_Information provided_
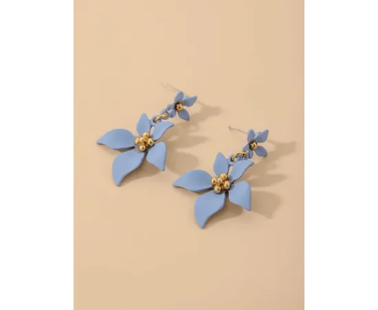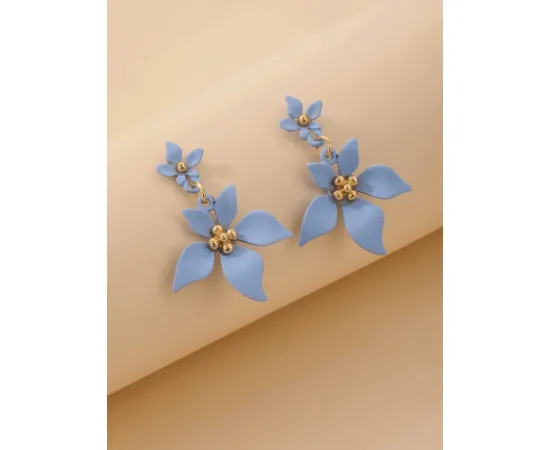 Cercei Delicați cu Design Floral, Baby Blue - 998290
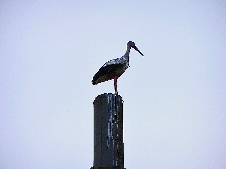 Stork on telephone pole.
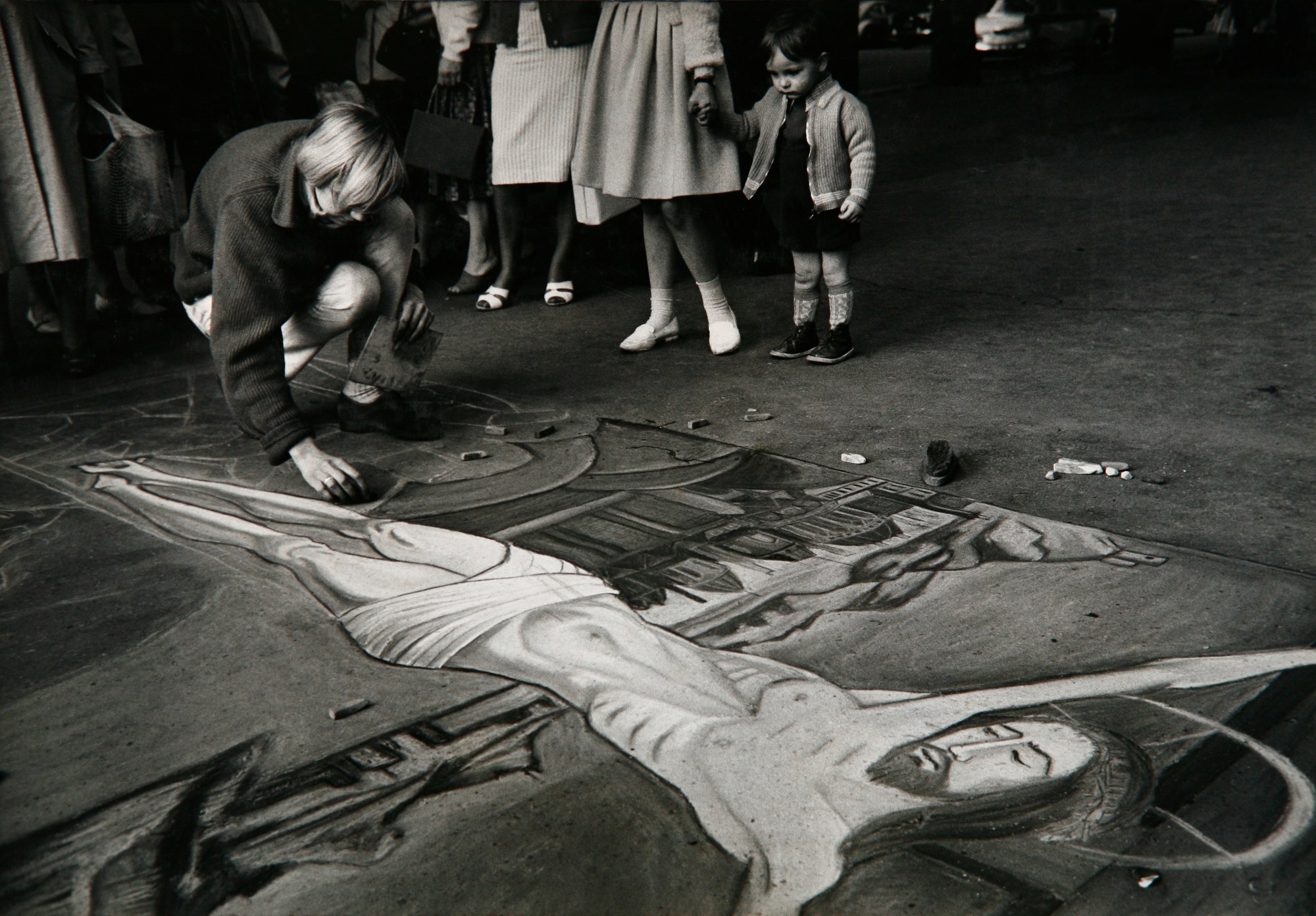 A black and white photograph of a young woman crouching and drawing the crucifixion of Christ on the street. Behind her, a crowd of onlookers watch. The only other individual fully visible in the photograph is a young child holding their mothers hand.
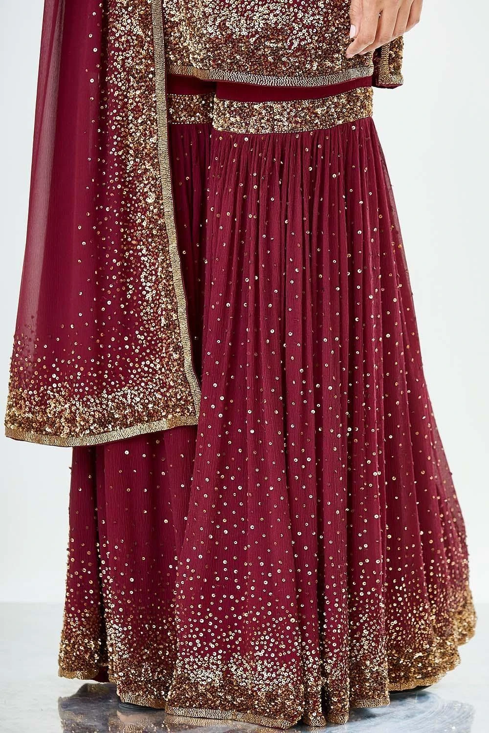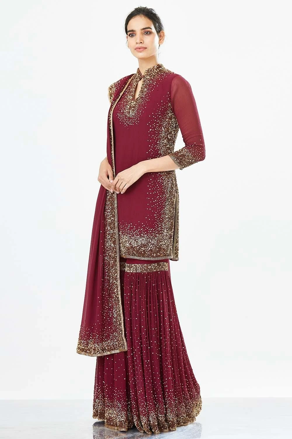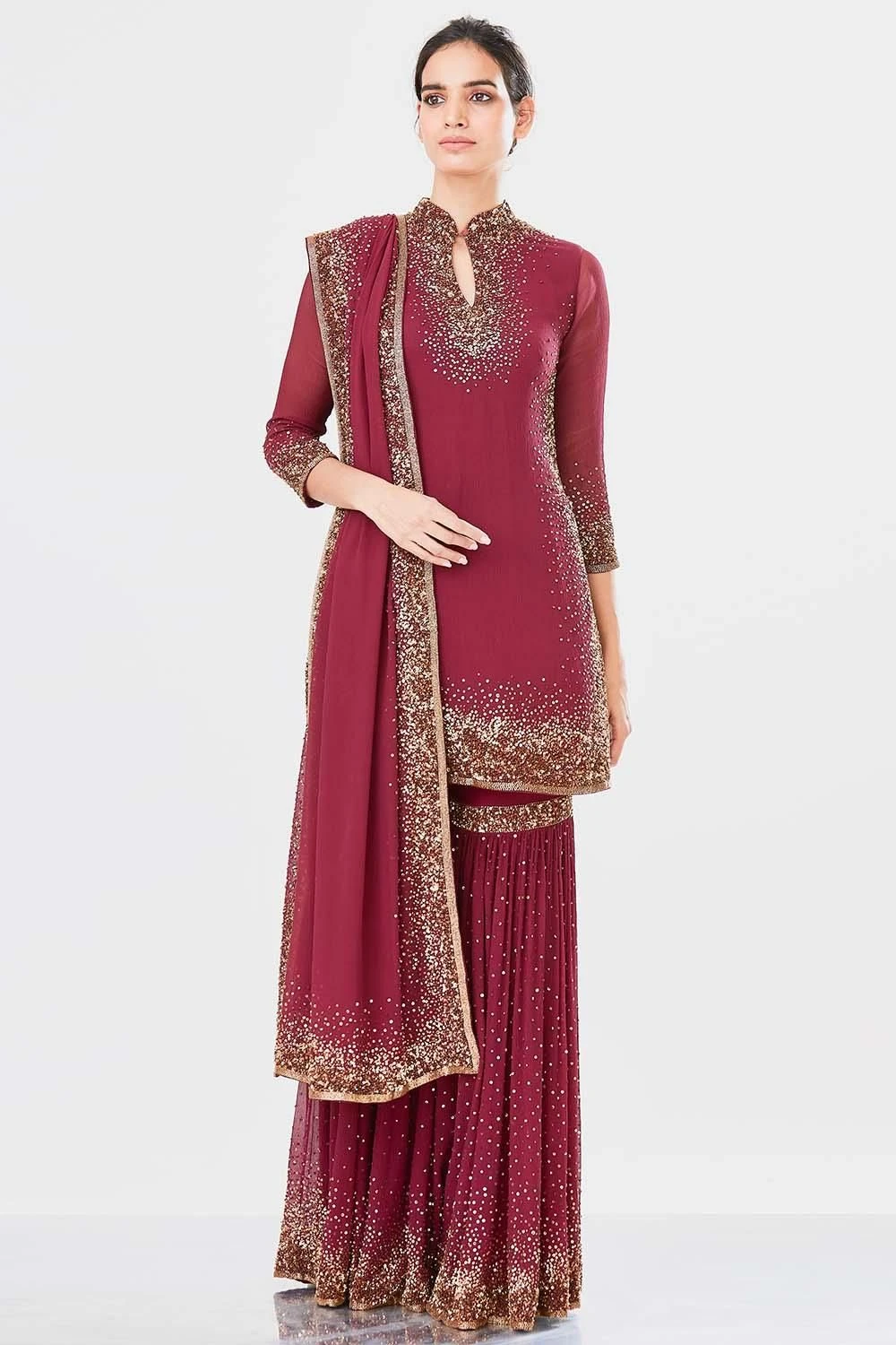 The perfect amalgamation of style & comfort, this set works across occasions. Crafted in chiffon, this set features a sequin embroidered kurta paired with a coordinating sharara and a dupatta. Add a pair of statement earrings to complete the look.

_Problem_
The data is to be returned exactly as it stands, pictures aside.

_Result_
 Cercei Delicați cu Design Floral, Baby Blue - 998290
 Stork on telephone pole.
 A black and white photograph of a young woman crouching and drawing the crucifixion of Christ on the street. Behind her, a crowd of onlookers watch. The only other individual fully visible in the photograph is a young child holding their mothers hand.
 The perfect amalgamation of style & comfort, this set works across occasions. Crafted in chiffon, this set features a sequin embroidered kurta paired with a coordinating sharara and a dupatta. Add a pair of statement earrings to complete the look.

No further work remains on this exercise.